=== Study material ===
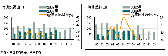 9月份熟料出口較8月份繼續(xù)呈下降的態(tài)勢(shì),僅為45.22萬噸,同比下降了64.01%;累計(jì)出口量為583.29萬噸,同比下降了44.09%。
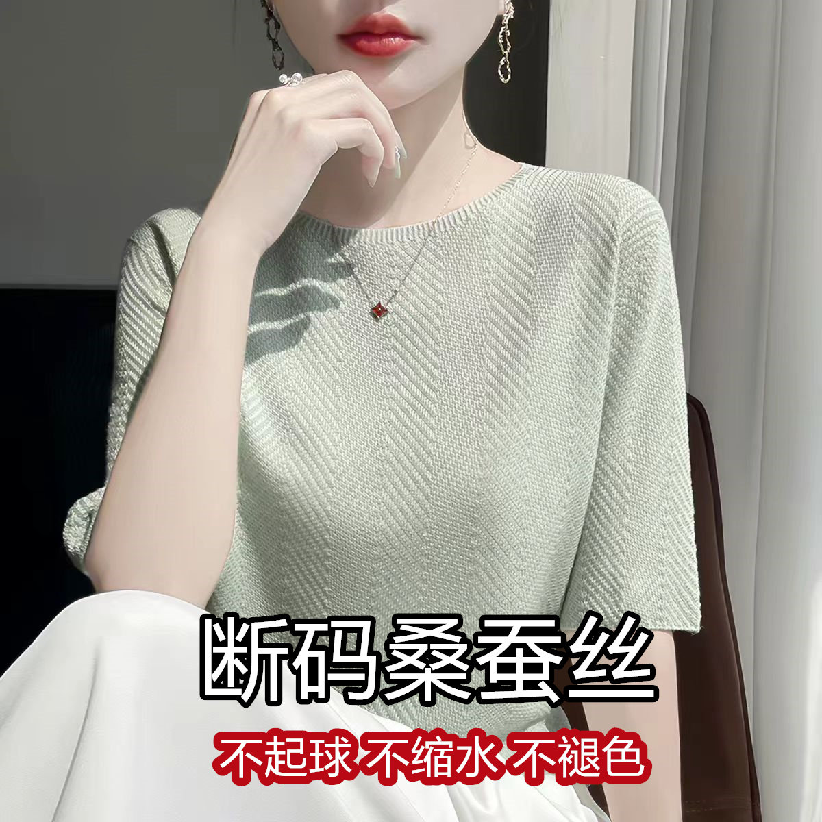 100桑蚕丝五分袖圆领打底衫女气质配西装百搭轻薄针织T恤洋气小衫
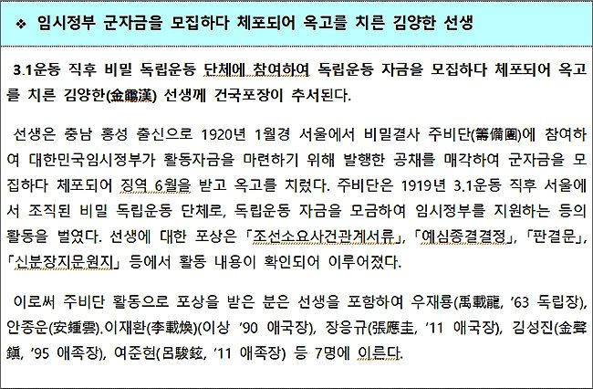 한편, 제101돌 3․1절 계기 포상자 중 주요 인물들의 독립운동 공적은 다음과 같다.
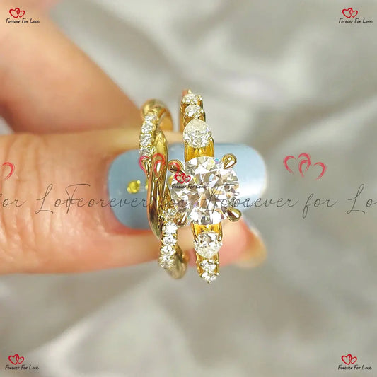 Antique Round Moissanite Engagement Ring Set with Pear Diamond Cluster in Rose Gold
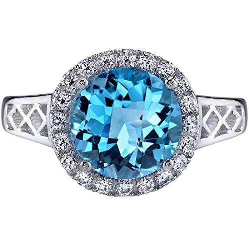 -. Feature : Center Stone: 2.50 carat Genuine Swiss Blue Topaz, Round Checkerboard Cut, 8.00mm Diameter, Lagoon Blue Hue with Brilliant Sparkle. / Side Stones: 20 pieces 0.20 carats total weight Cubic Zirconias. Round Brilliant Cut, F-G Color, VVS-VS Clarity. / Ring weighs 2.50 grams and is crafted out of 14 Karat White Gold. The 14K hallmark is etched inside the band. / Available in sizes 5 to 9, this trendy ring is made by skilled artisans using latest technology. / Perfect gift for Engagement, Brithday, Mothers Day, Anniversary, Valentines Day, Graduation or any other occasion. Arrives in a Signature Gift Box.
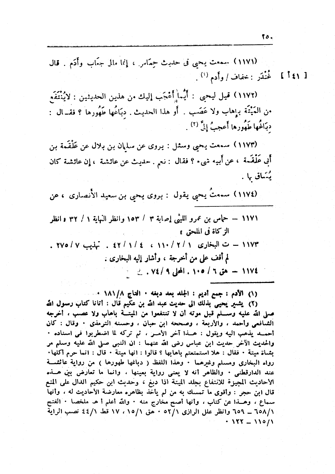 1172 - قيل ليحيى أَيّمَا أعجب إِلَيْك من هذَيْن الْحَدِيثين لَا ينْتَفع من الْميتَة بإهاب وَلَا عصب أَو هَذَا الحَدِيث دباغها طهورها فَقَالَ دباغها ظُهُورهَا أعجب إِلَى
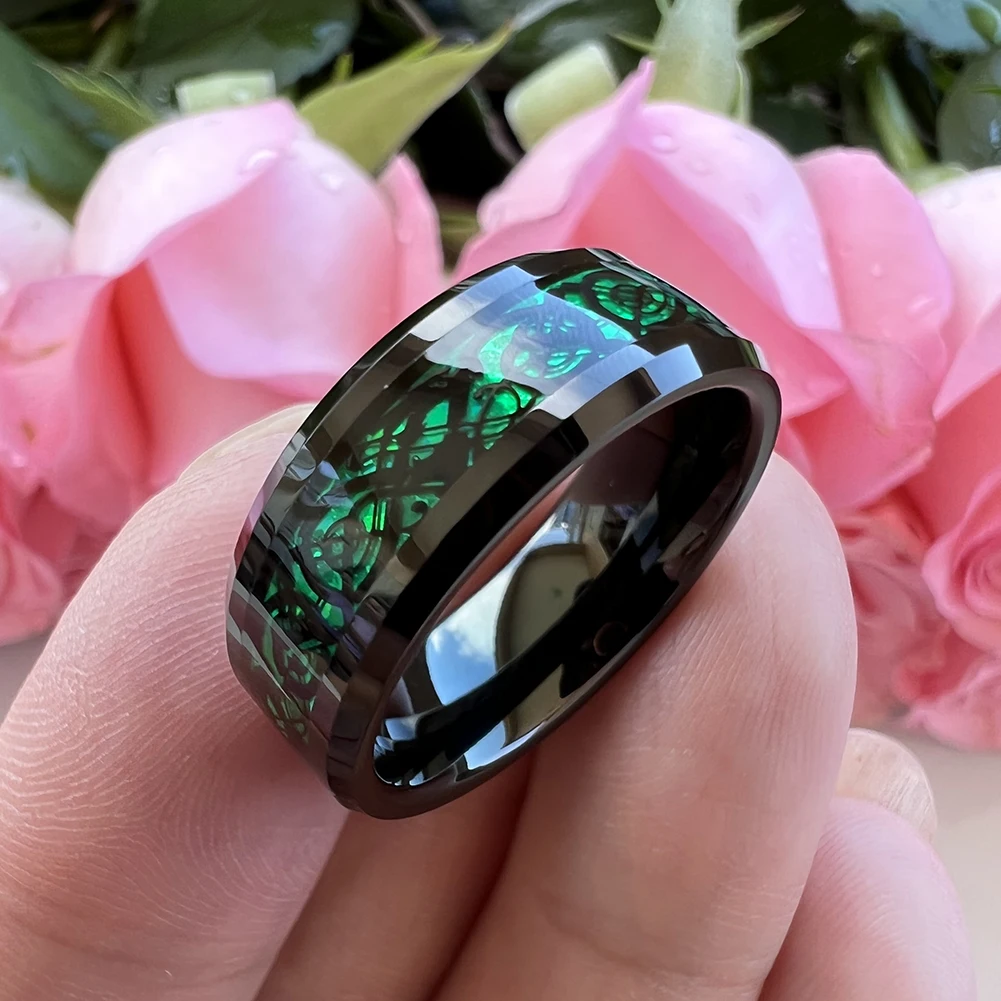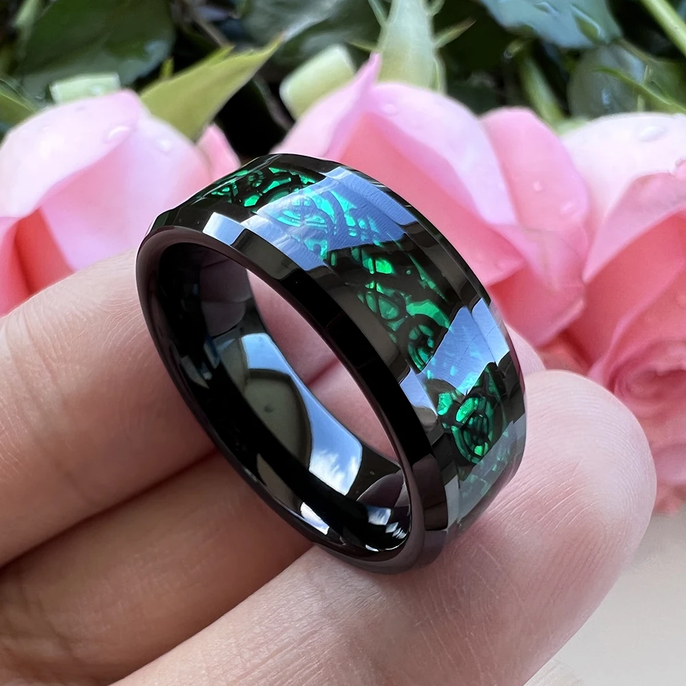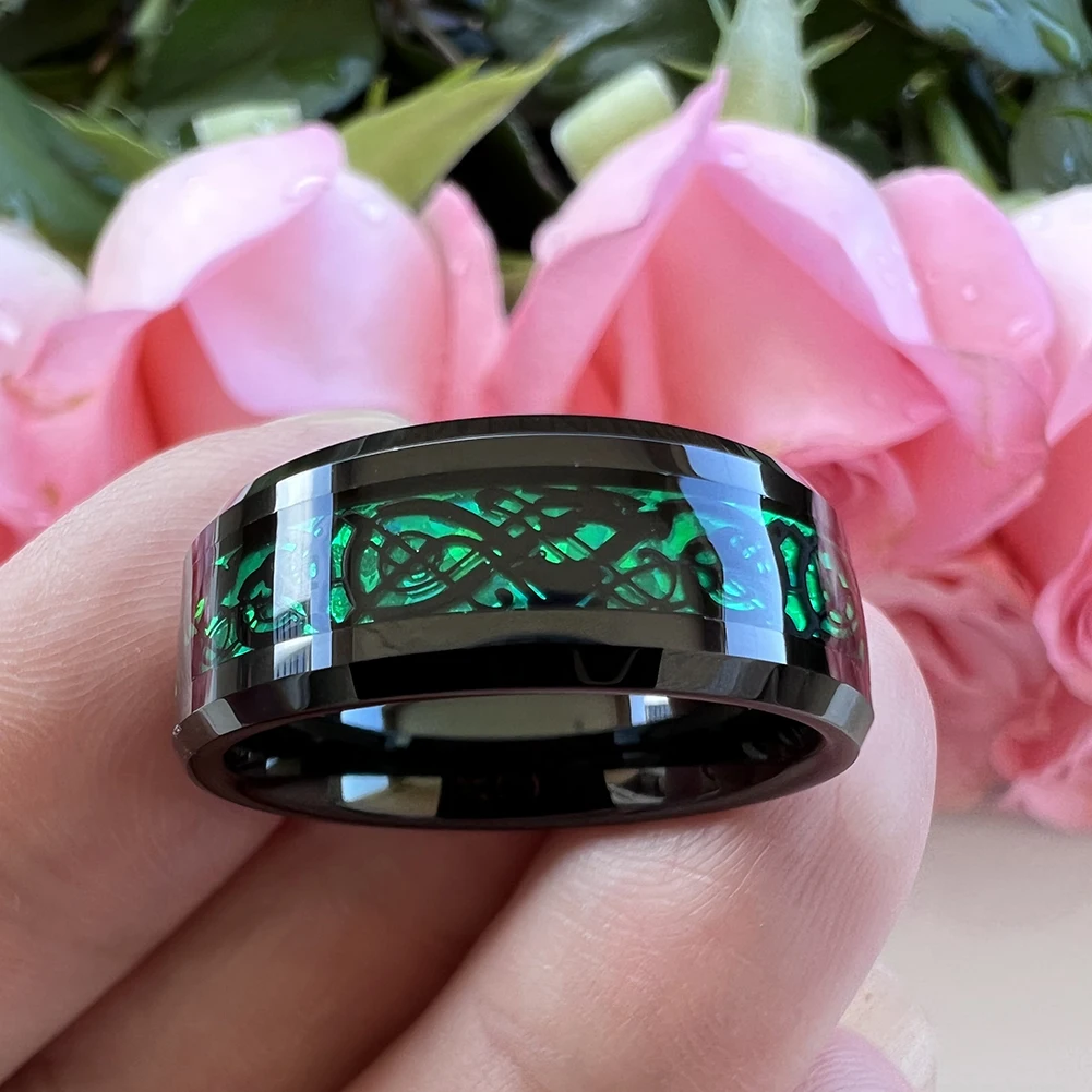 Coolstyle Jewelry 6mm 8mm Carbon Fiber Green Dragon Inlay Black Tungsten Ring Men Women Engagement Wedding Band Comfort Fit
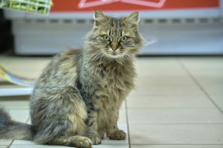 Siberian cat sitting on the floor. Portrait of a cat with a small depth of field
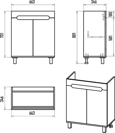 В комплекте: тумба, раковина, зеркало, крепеж, ножка.
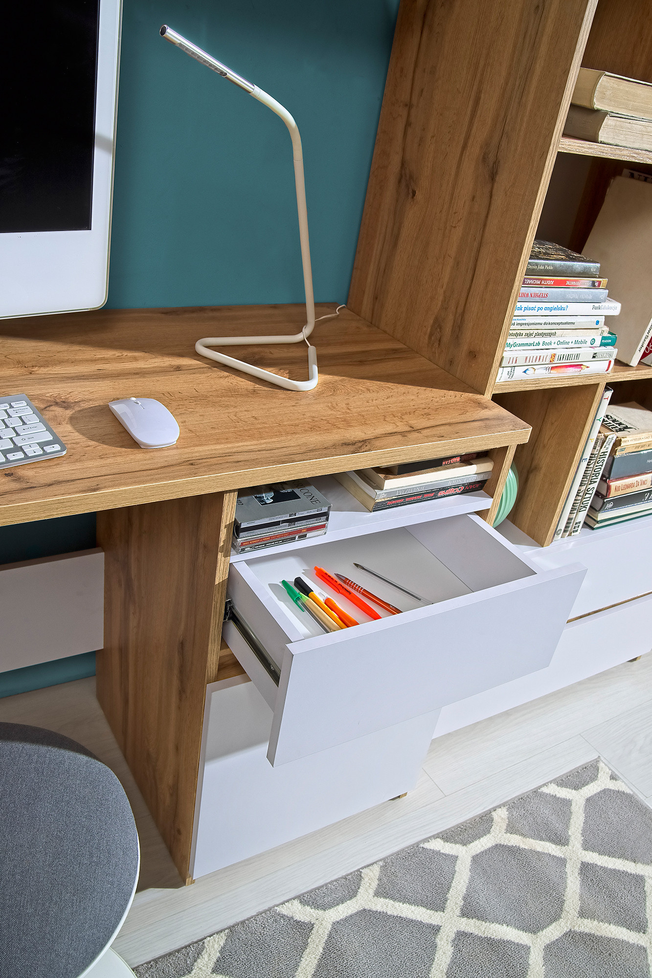 Nábytek ARCA je moderní nábytek určen do dětských a studentských pokojů. Nábytek je bezúchytový. Hrany jsou zakončeny ABS hranou. Šíře použitého materiálu - lamina je 16 a 22 mm, které je odolné proti poškrábání a vlhkosti. Šuplíky nábytku ARCA mají kuličkové pojezdy, které Vám zajistí lehké otevírání šuplíků. Nábytek se vyrábí ve dvou barevných provedeních, a to Bílá arktická a Bílá Arktická + Dub Wotan.
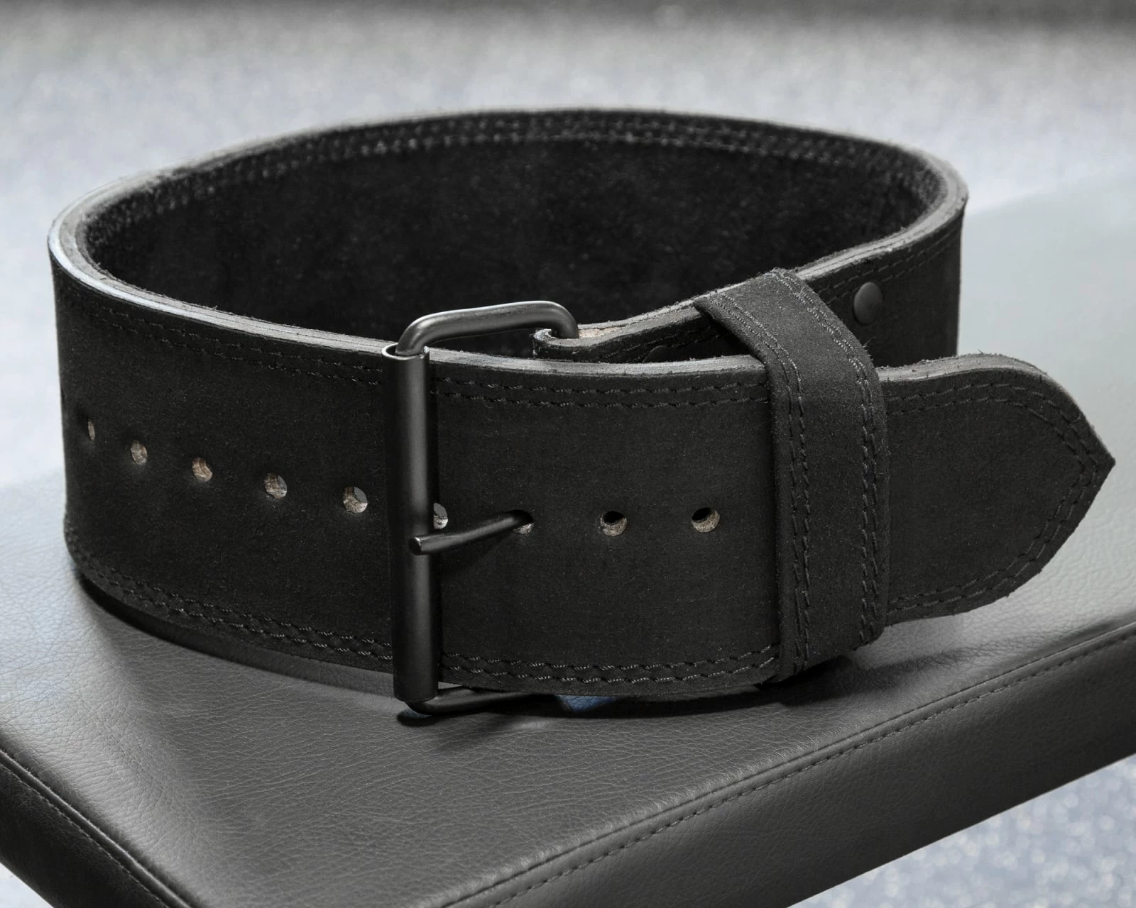 Rogue’s Echo Lifting Belt is made from genuine leather and measures in 4″ width and 10MM in thickness,* with five length options to choose from. All sizes of the belt include 10 precision-spaced holes and a single prong buckle design for easy custom tightening and optimal comfort and support. The leather on the Echo Belt can run pretty stiff out of the gate and may need some break-in time, but you’ll never need to worry about its reliability for securing the abdominal muscles and lower back on a wide variety of lifts.
===
**Assignment:** Leave out the pictures and return the listing exactly.

**Output of the exercise:**
 9月份熟料出口較8月份繼續(xù)呈下降的態(tài)勢(shì),僅為45.22萬噸,同比下降了64.01%;累計(jì)出口量為583.29萬噸,同比下降了44.09%。
 100桑蚕丝五分袖圆领打底衫女气质配西装百搭轻薄针织T恤洋气小衫
 한편, 제101돌 3․1절 계기 포상자 중 주요 인물들의 독립운동 공적은 다음과 같다.
 Antique Round Moissanite Engagement Ring Set with Pear Diamond Cluster in Rose Gold
 -. Feature : Center Stone: 2.50 carat Genuine Swiss Blue Topaz, Round Checkerboard Cut, 8.00mm Diameter, Lagoon Blue Hue with Brilliant Sparkle. / Side Stones: 20 pieces 0.20 carats total weight Cubic Zirconias. Round Brilliant Cut, F-G Color, VVS-VS Clarity. / Ring weighs 2.50 grams and is crafted out of 14 Karat White Gold. The 14K hallmark is etched inside the band. / Available in sizes 5 to 9, this trendy ring is made by skilled artisans using latest technology. / Perfect gift for Engagement, Brithday, Mothers Day, Anniversary, Valentines Day, Graduation or any other occasion. Arrives in a Signature Gift Box.
 1172 - قيل ليحيى أَيّمَا أعجب إِلَيْك من هذَيْن الْحَدِيثين لَا ينْتَفع من الْميتَة بإهاب وَلَا عصب أَو هَذَا الحَدِيث دباغها طهورها فَقَالَ دباغها ظُهُورهَا أعجب إِلَى
 Coolstyle Jewelry 6mm 8mm Carbon Fiber Green Dragon Inlay Black Tungsten Ring Men Women Engagement Wedding Band Comfort Fit
 Siberian cat sitting on the floor. Portrait of a cat with a small depth of field
 В комплекте: тумба, раковина, зеркало, крепеж, ножка.
 Nábytek ARCA je moderní nábytek určen do dětských a studentských pokojů. Nábytek je bezúchytový. Hrany jsou zakončeny ABS hranou. Šíře použitého materiálu - lamina je 16 a 22 mm, které je odolné proti poškrábání a vlhkosti. Šuplíky nábytku ARCA mají kuličkové pojezdy, které Vám zajistí lehké otevírání šuplíků. Nábytek se vyrábí ve dvou barevných provedeních, a to Bílá arktická a Bílá Arktická + Dub Wotan.
 Rogue’s Echo Lifting Belt is made from genuine leather and measures in 4″ width and 10MM in thickness,* with five length options to choose from. All sizes of the belt include 10 precision-spaced holes and a single prong buckle design for easy custom tightening and optimal comfort and support. The leather on the Echo Belt can run pretty stiff out of the gate and may need some break-in time, but you’ll never need to worry about its reliability for securing the abdominal muscles and lower back on a wide variety of lifts.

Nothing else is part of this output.